Department of Statistics, Institut Teknologi Sepuluh Nopember
Kampus ITS, Keputih, Sukolilo, Surabaya, Indonesia, 60111
*Corresponding author, e-mail: suhartono@statistika.its.ac.id1
,
meranggidana@gmail.com2
, sprahayu@gmail.com3
Abstract
The aim of this research is to propose a new hybrid model, i.e. Generalized Space-Time
Autoregressive with Exogenous Variable and Neural Network (GSTARX-NN) model for forecasting
space-time data with calendar variation effect. GSTARX model represented as a linear component with
exogenous variable particularly an effect of calendar variation, such as Eid Fitr. Whereas, NN was a model
for handling a nonlinear component. There were two studies conducted in this research, i.e. simulation
studies and applications on monthly inflow and outflow currency data in Bank Indonesia at East Java
region. The simulation study showed that the hybrid GSTARX-NN model could capture well the data
patterns, i.e. trend, seasonal, calendar variation, and both linear and nonlinear noise series. Moreover,
based on RMSE at testing dataset, the results of application study on inflow and outflow data showed that
the hybrid GSTARX-NN models tend to give more accurate forecast than VARX and GSTARX models.

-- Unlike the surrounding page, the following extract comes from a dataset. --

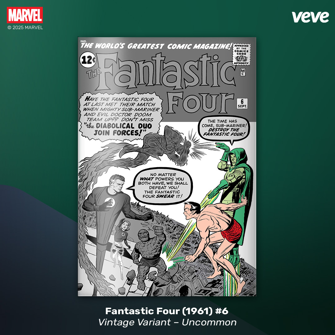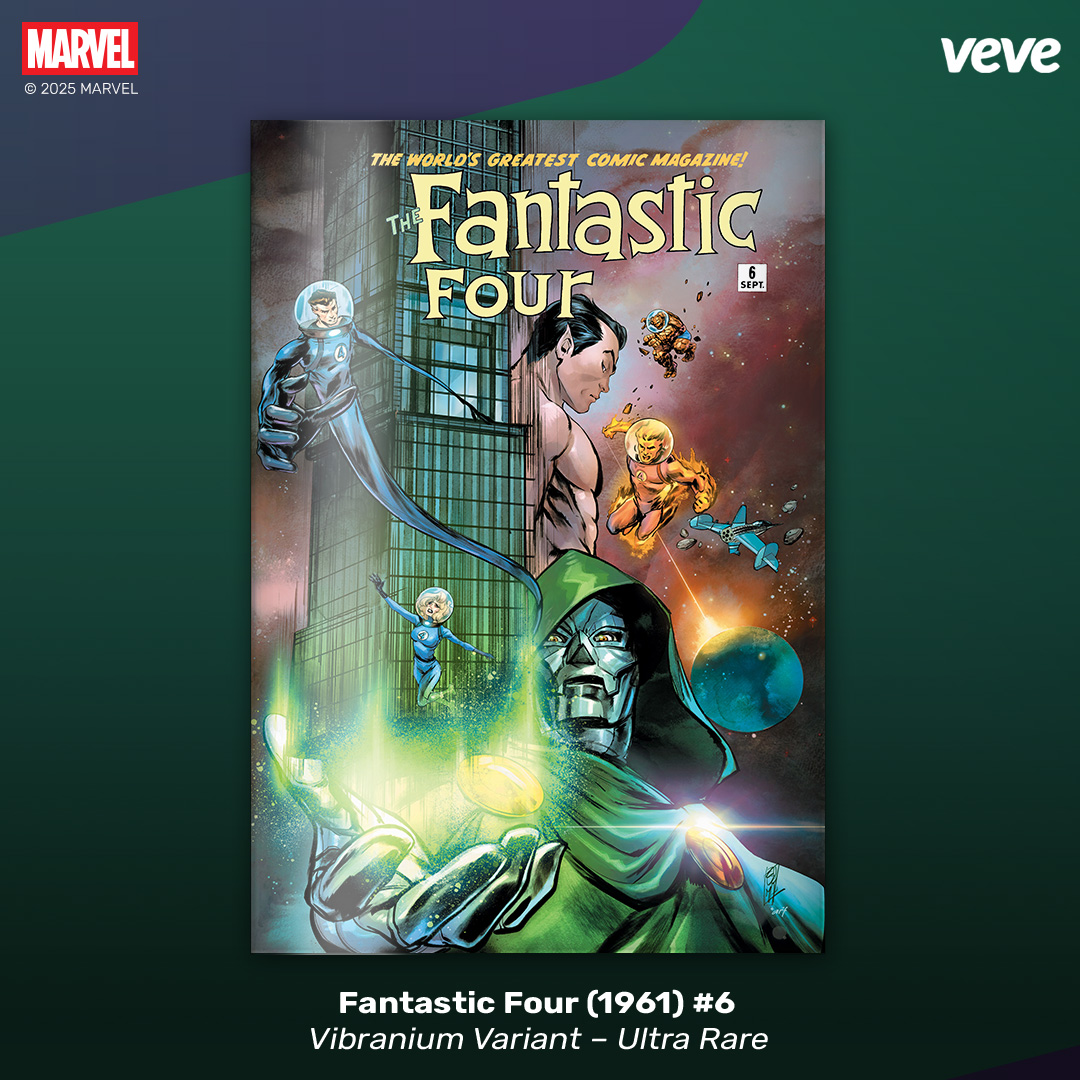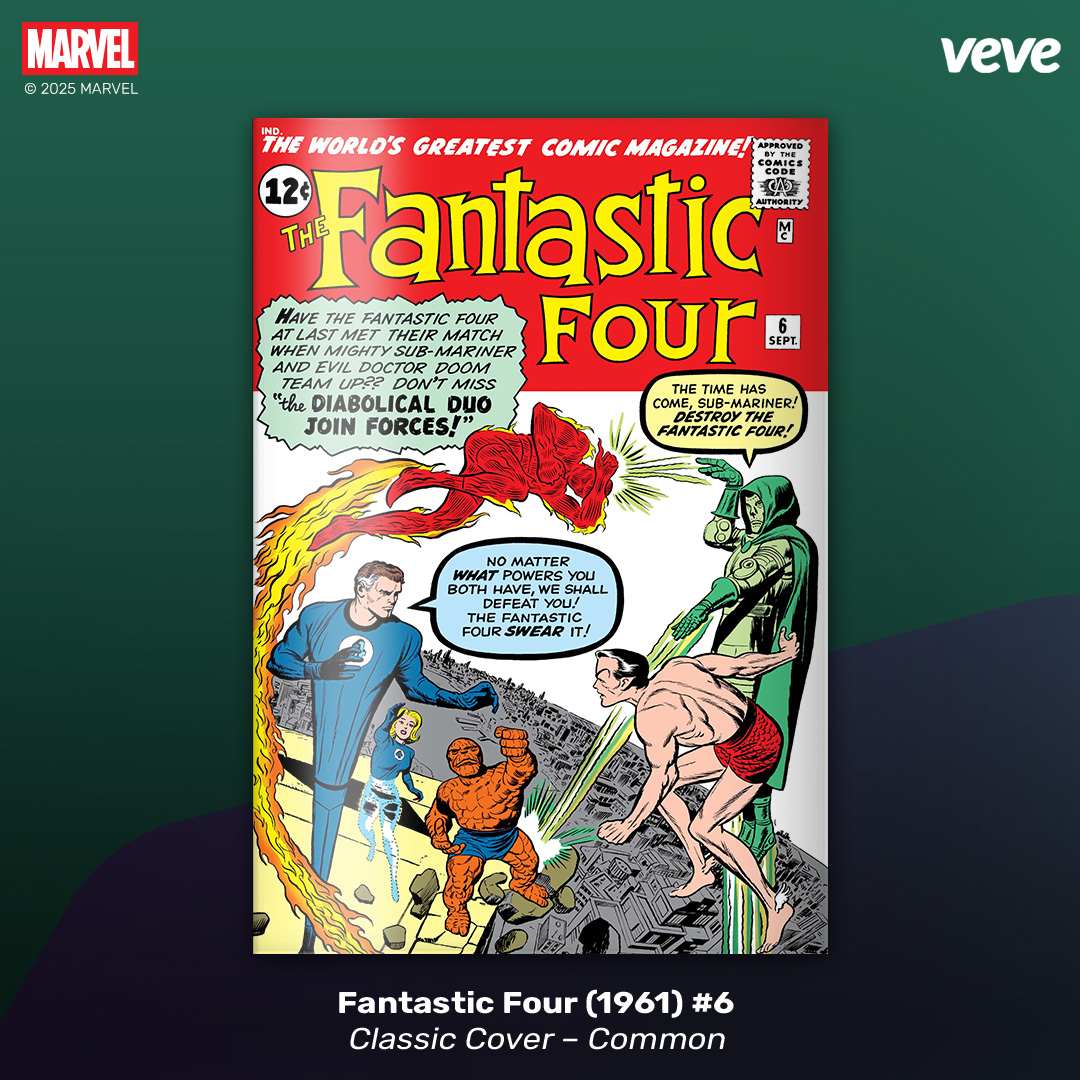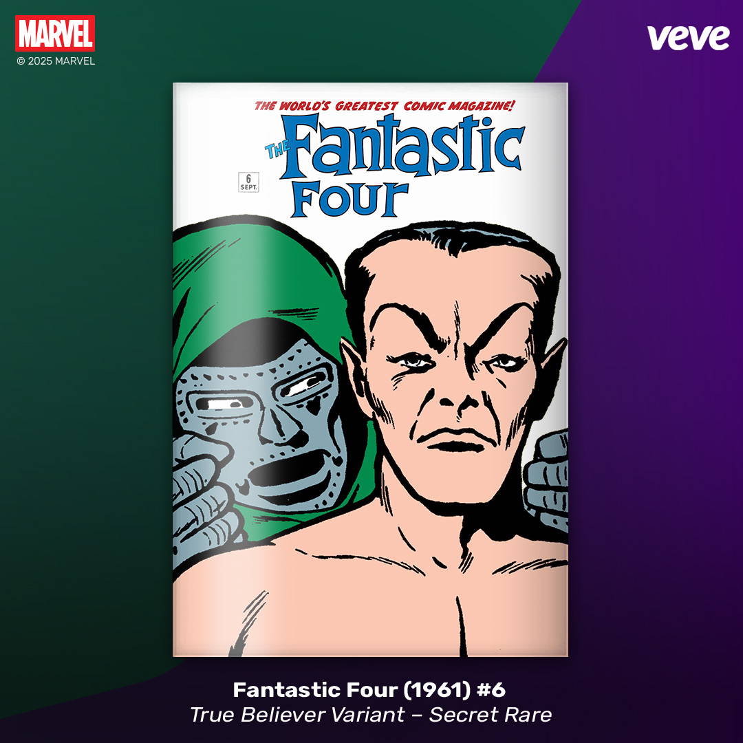 The next offering in VeVe’s digital comic line-up continues with another iconic comic from Marvel – Fantastic Four (1961) #6. Limited edition, fully readable, with five variant covers in blind box Waitlist Drop format.

These results in line with the third M3 forecasting competition conclusion that stated hybrid or combining
models, in average, yielded better forecast than individual models.
Keywords: calendar variation, hybrid GSTARX-NN, inflow, outflow, space-time
Copyright ยฉ 2019 Universitas Ahmad Dahlan. All rights reserved.
1. Introduction
Beside of time dimension, data can also have space dimension known as space-time
data. Space-time model is a model that combines dependency between time and location in a
multivariate time series data. This model firstly introduced by Cliff and Ord [1] and known as
Space-Time Autoregressive (STAR) model. Then, Ruchjana [2] developed the Generalized
Space-Time Autoregressive (GSTAR) as extension of STAR model. In this research, GSTAR
will be applied in modeling of inflow and outflow currency in Bank Indonesia at East Java
Region. Forecasting inflow and outflow currency is very important for Bank Indonesia as central
bank to achieve the stability of the money circulating in the society. Therefore, this forecast
activity should be done accurately.
Many economic data in Indonesia (as a Moslem majority country) have a seasonal
pattern influenced by two types of calendars, i.e. the Christian and the Islamic calendar. The
effect of the Christian calendar causes inflow and outflow currency have high transaction
volume in certain months, particularly on December. Whereas, the Islamic calendar affects high
volume of inflow and outflow currency on the months around Eid Fitr celebration. Due to the
date of Eid Fitr dynamically changes every year, it causes inflow and outflow of currency are
influenced by calendar variation patttern. Hence, it is necessary to add exogenous variable in
GSTAR model for handling this calendar variation pattern. Recently, space-time model with
exogenous variable, known as GSTARX, has been proposed by Suhartono et al. [3].
According to Zhang [4], it is possible that data are formed from a linear and nonlinear
structure at once. The previous study also showed that there was a nonlinear pattern on
currency inflow and outflow data [5]. However, GSTAR is a linear model which cannot handle
nonlinear correlation structures in the data. Hence, GSTAR with calendar variation effect
(GSTARX) will be combined with neural network (NN), known as the hybrid GSTARX-NN, for
handling both linear and nonlinear patterns simultaneously. The hybrid GSTARX-NN is done in
two stages, the first stage is done to eliminate trend, seasonal, and calendar variation effect
using time series regression. Residual of the time series regression will be modeling using
GSTAR-NN in the second stage.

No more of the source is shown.